• **Task data**

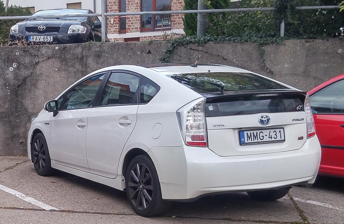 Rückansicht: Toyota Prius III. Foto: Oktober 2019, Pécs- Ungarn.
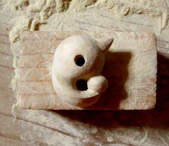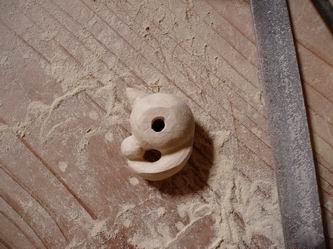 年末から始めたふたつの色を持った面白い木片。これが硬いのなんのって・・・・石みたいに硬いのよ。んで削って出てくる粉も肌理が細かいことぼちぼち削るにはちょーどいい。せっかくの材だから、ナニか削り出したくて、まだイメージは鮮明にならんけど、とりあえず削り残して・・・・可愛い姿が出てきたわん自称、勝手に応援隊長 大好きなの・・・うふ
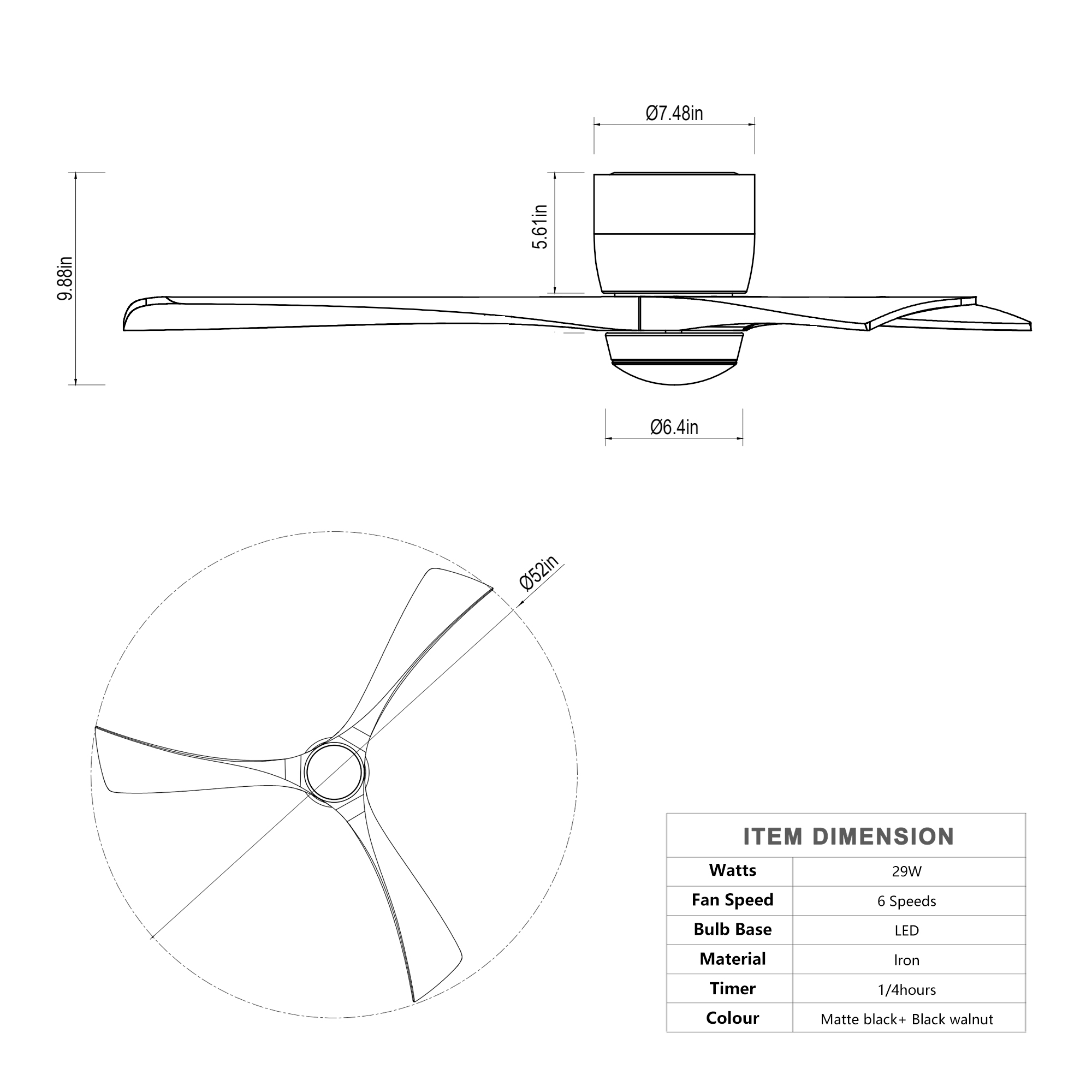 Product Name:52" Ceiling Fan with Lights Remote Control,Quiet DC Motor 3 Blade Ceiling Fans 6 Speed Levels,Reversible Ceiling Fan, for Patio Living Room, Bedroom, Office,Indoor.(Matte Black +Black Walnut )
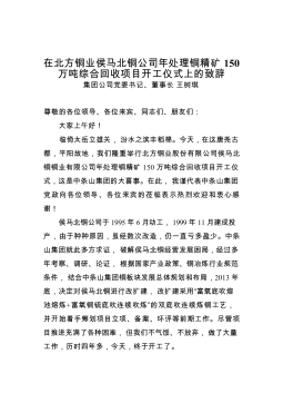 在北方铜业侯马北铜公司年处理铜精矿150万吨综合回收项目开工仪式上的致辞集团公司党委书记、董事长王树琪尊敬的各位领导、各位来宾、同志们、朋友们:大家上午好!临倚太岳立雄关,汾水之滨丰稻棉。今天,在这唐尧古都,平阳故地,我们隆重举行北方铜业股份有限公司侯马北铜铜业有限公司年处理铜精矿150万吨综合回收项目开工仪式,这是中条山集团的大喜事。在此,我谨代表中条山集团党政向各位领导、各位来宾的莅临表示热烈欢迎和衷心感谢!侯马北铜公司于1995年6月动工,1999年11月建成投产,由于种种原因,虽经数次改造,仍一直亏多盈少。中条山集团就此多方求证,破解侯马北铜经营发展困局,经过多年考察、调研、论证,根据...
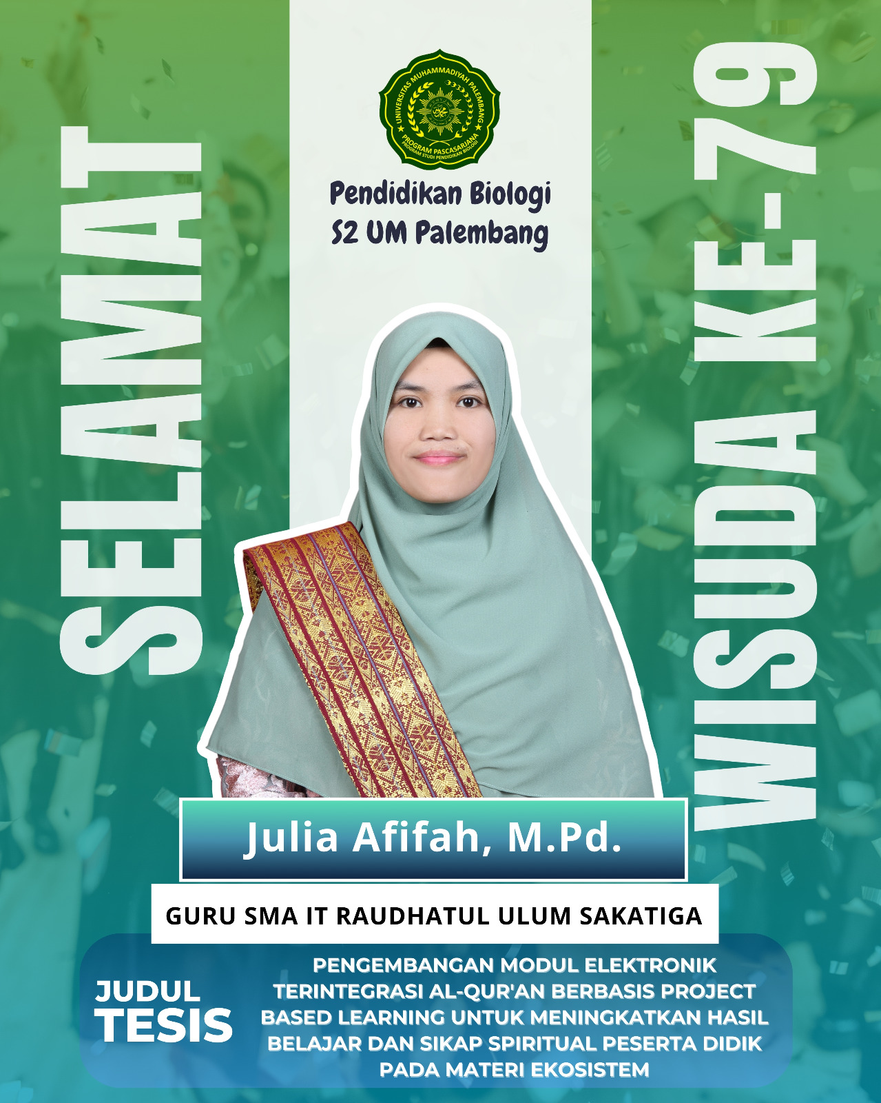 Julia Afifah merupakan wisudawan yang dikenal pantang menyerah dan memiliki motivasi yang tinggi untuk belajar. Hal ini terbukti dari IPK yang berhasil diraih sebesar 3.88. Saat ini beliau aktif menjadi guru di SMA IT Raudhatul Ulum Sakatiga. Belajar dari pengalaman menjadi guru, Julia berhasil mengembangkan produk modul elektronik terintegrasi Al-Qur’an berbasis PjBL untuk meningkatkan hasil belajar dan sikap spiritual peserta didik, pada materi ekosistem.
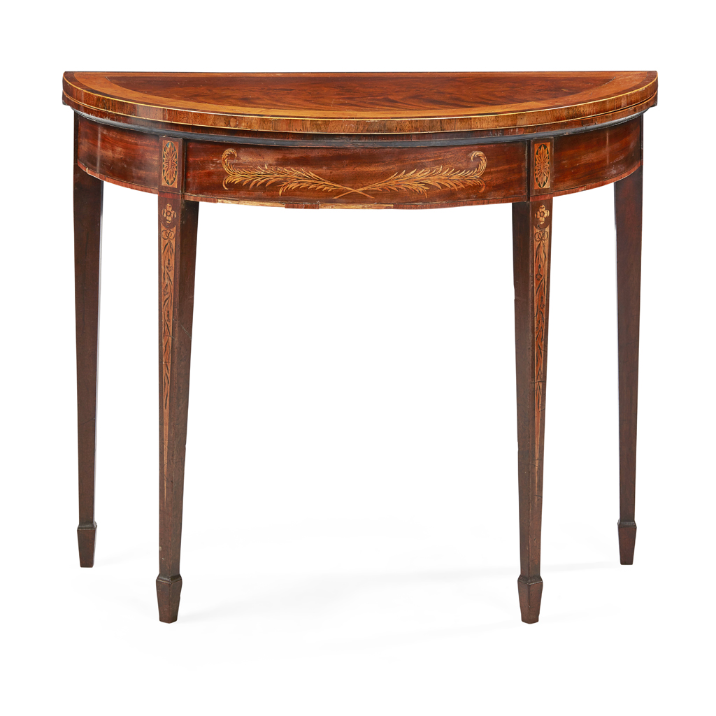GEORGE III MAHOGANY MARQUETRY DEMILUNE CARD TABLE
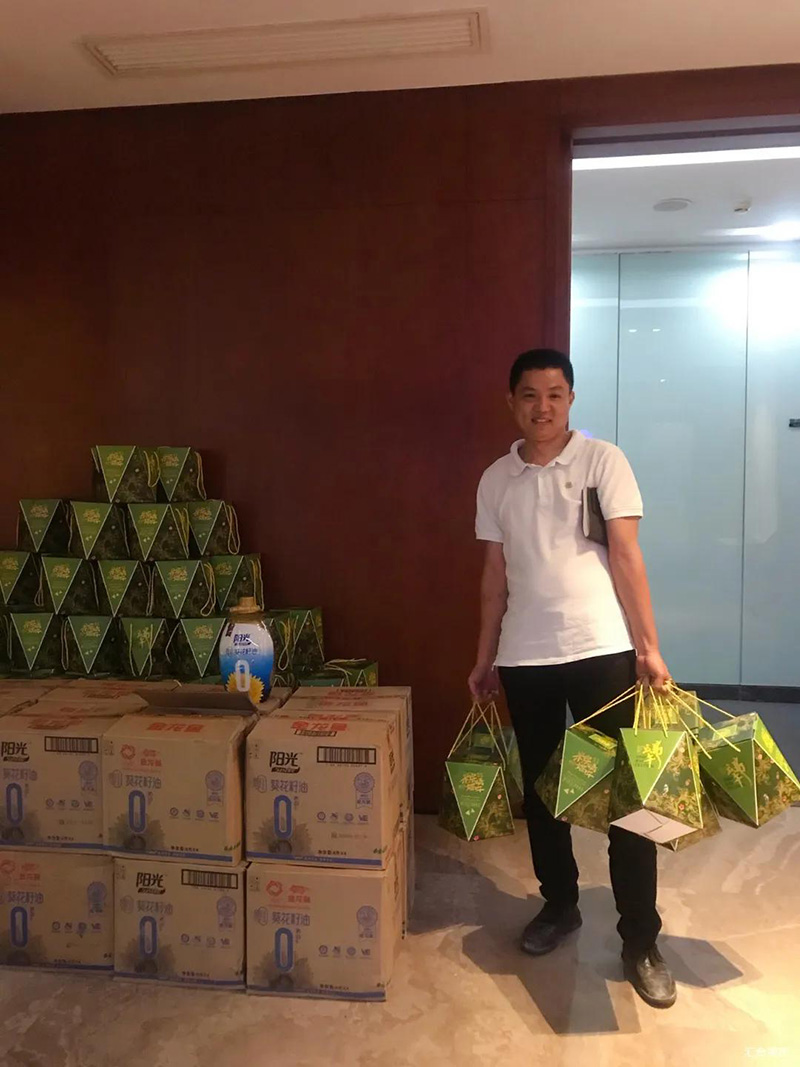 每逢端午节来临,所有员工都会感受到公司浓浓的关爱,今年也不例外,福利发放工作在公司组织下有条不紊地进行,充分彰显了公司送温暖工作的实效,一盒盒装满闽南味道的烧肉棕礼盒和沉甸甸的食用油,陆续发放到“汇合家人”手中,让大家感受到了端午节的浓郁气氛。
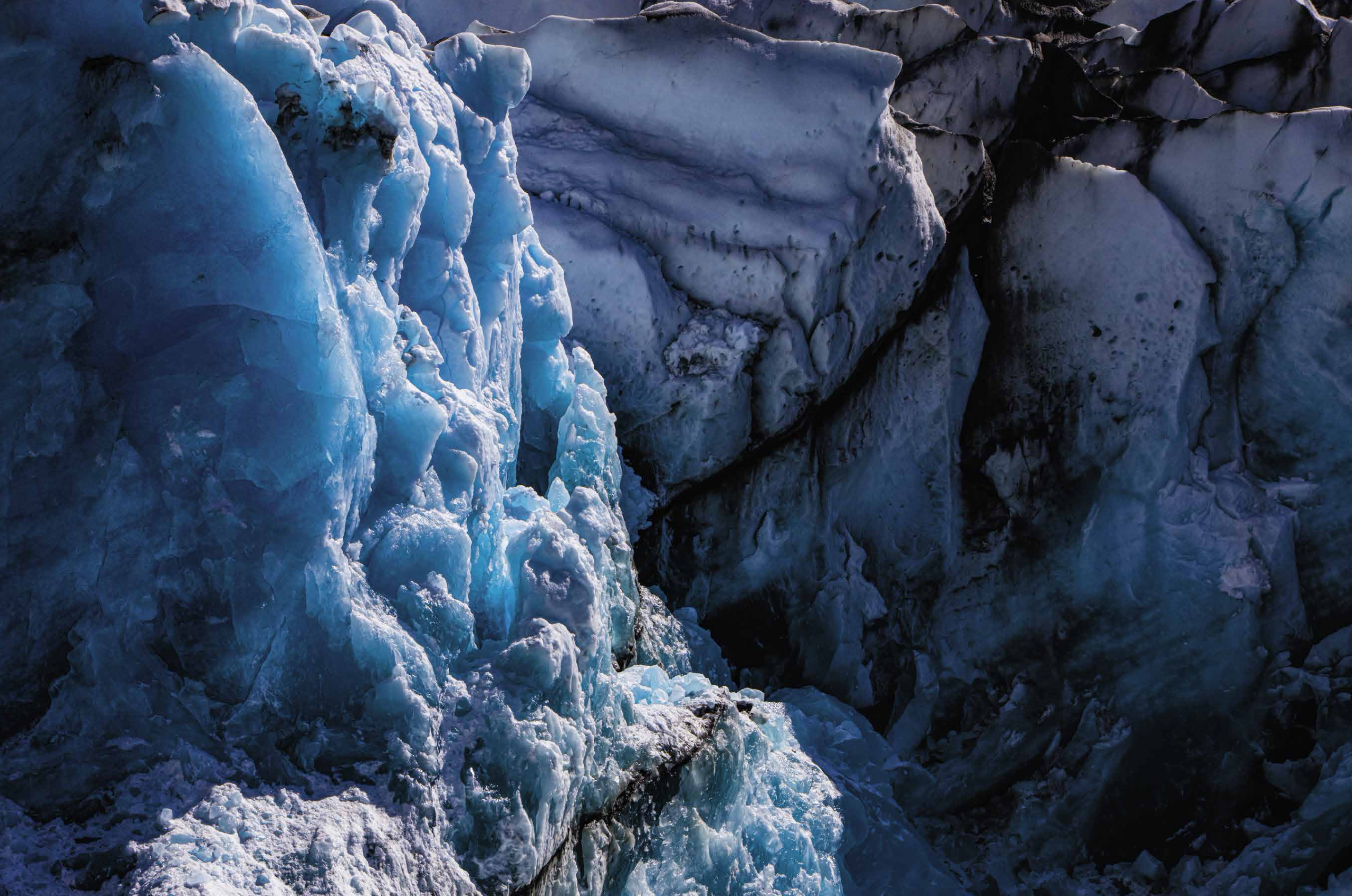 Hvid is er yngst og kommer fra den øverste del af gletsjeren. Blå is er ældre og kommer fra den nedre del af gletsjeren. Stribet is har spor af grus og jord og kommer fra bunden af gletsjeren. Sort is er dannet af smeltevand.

• **Work order**
Where a picture appears, omit it; otherwise reproduce each line above from the first to the one with "每逢端午节来临,所有员工都会", inclusive.

• **Answer to this exercise**
 Rückansicht: Toyota Prius III. Foto: Oktober 2019, Pécs- Ungarn.
 年末から始めたふたつの色を持った面白い木片。これが硬いのなんのって・・・・石みたいに硬いのよ。んで削って出てくる粉も肌理が細かいことぼちぼち削るにはちょーどいい。せっかくの材だから、ナニか削り出したくて、まだイメージは鮮明にならんけど、とりあえず削り残して・・・・可愛い姿が出てきたわん自称、勝手に応援隊長 大好きなの・・・うふ
 Product Name:52" Ceiling Fan with Lights Remote Control,Quiet DC Motor 3 Blade Ceiling Fans 6 Speed Levels,Reversible Ceiling Fan, for Patio Living Room, Bedroom, Office,Indoor.(Matte Black +Black Walnut )
 在北方铜业侯马北铜公司年处理铜精矿150万吨综合回收项目开工仪式上的致辞集团公司党委书记、董事长王树琪尊敬的各位领导、各位来宾、同志们、朋友们:大家上午好!临倚太岳立雄关,汾水之滨丰稻棉。今天,在这唐尧古都,平阳故地,我们隆重举行北方铜业股份有限公司侯马北铜铜业有限公司年处理铜精矿150万吨综合回收项目开工仪式,这是中条山集团的大喜事。在此,我谨代表中条山集团党政向各位领导、各位来宾的莅临表示热烈欢迎和衷心感谢!侯马北铜公司于1995年6月动工,1999年11月建成投产,由于种种原因,虽经数次改造,仍一直亏多盈少。中条山集团就此多方求证,破解侯马北铜经营发展困局,经过多年考察、调研、论证,根据...
 Julia Afifah merupakan wisudawan yang dikenal pantang menyerah dan memiliki motivasi yang tinggi untuk belajar. Hal ini terbukti dari IPK yang berhasil diraih sebesar 3.88. Saat ini beliau aktif menjadi guru di SMA IT Raudhatul Ulum Sakatiga. Belajar dari pengalaman menjadi guru, Julia berhasil mengembangkan produk modul elektronik terintegrasi Al-Qur’an berbasis PjBL untuk meningkatkan hasil belajar dan sikap spiritual peserta didik, pada materi ekosistem.
GEORGE III MAHOGANY MARQUETRY DEMILUNE CARD TABLE
 每逢端午节来临,所有员工都会感受到公司浓浓的关爱,今年也不例外,福利发放工作在公司组织下有条不紊地进行,充分彰显了公司送温暖工作的实效,一盒盒装满闽南味道的烧肉棕礼盒和沉甸甸的食用油,陆续发放到“汇合家人”手中,让大家感受到了端午节的浓郁气氛。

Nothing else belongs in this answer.